The only grounds mentioned in the motion for a new trial are that incompetent evidence was admitted to the prejudice of appellant and that the court erred in the instructions given. We are therefore precluded from reversing the judgment on the ground that it is not supported by the evidence, and, as the failure of the court to give a peremptory instruction in behalf of appellant is not relied on in the motion and grounds for a new trial, it may be we should not reverse on that ground. The evidence complained about — that is, the evidence relating to the price paid for the material by appellant when it was purchased by it — was incompetent, and should not have been admitted; but we are inclined to agree with the contention of counsel for appellee that the evidence was allowed to go to the jury without objection. Therefore we cannot reverse on that ground.

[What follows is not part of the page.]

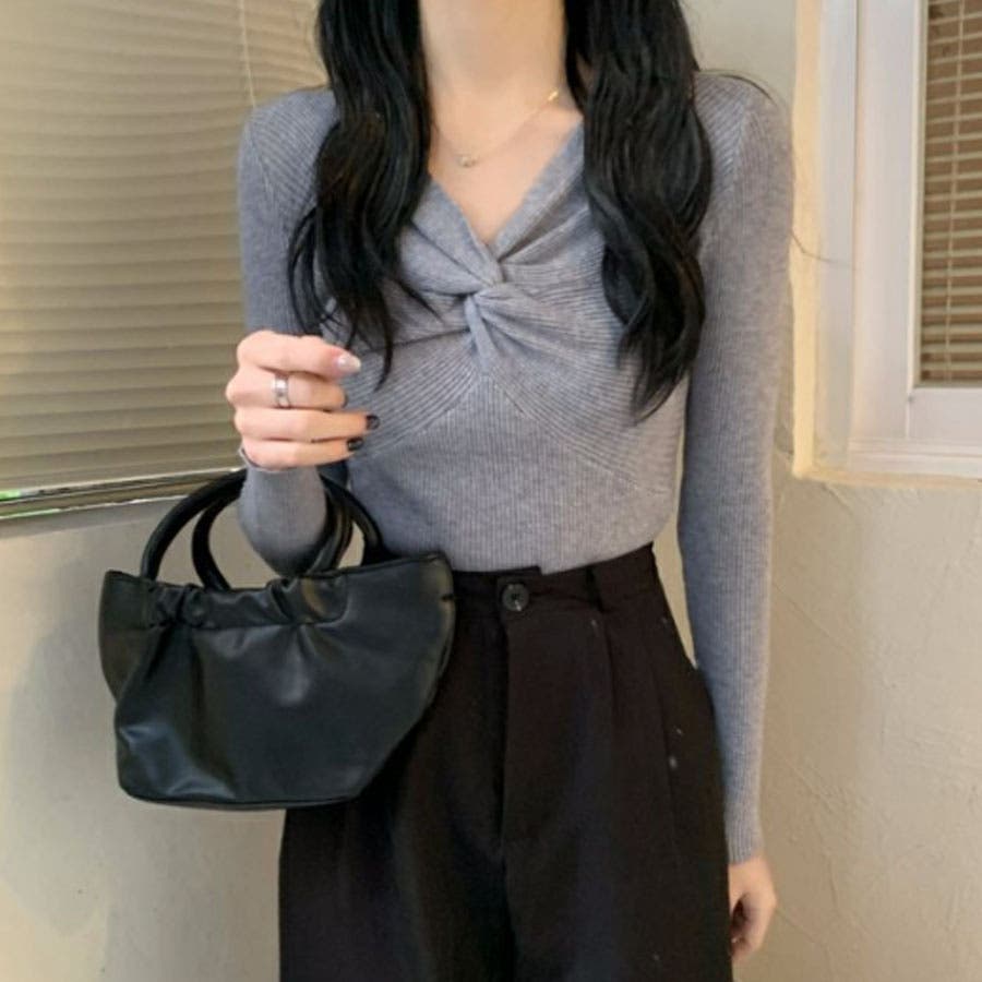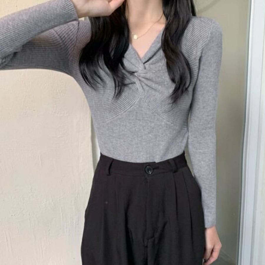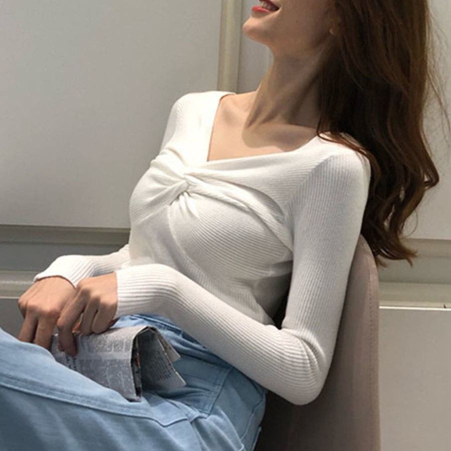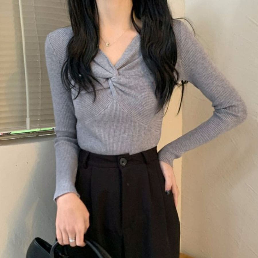 リブニット ツイスト トップス

The first instruction given by the court is erroneous, however, in that it allowed appellee to be excused from the performance of the contract if the resident manager of appellee misread the letter of appellant offering the material for sale coupled with certain other things set out in the instruction. He was not held to any degree of care in reading the letter. The only thing the jury was required to believe was that he misread the letter, and no witness on earth could say that he did not misread it, when he said he did. It is unnecessary to take up time or space in suggesting what instruction would have been proper under the circumstances, since we have held that the defense relied on by appellant was not allowed to it.
Judgment reversed, and cause remanded for proceedings consistent with this opinion.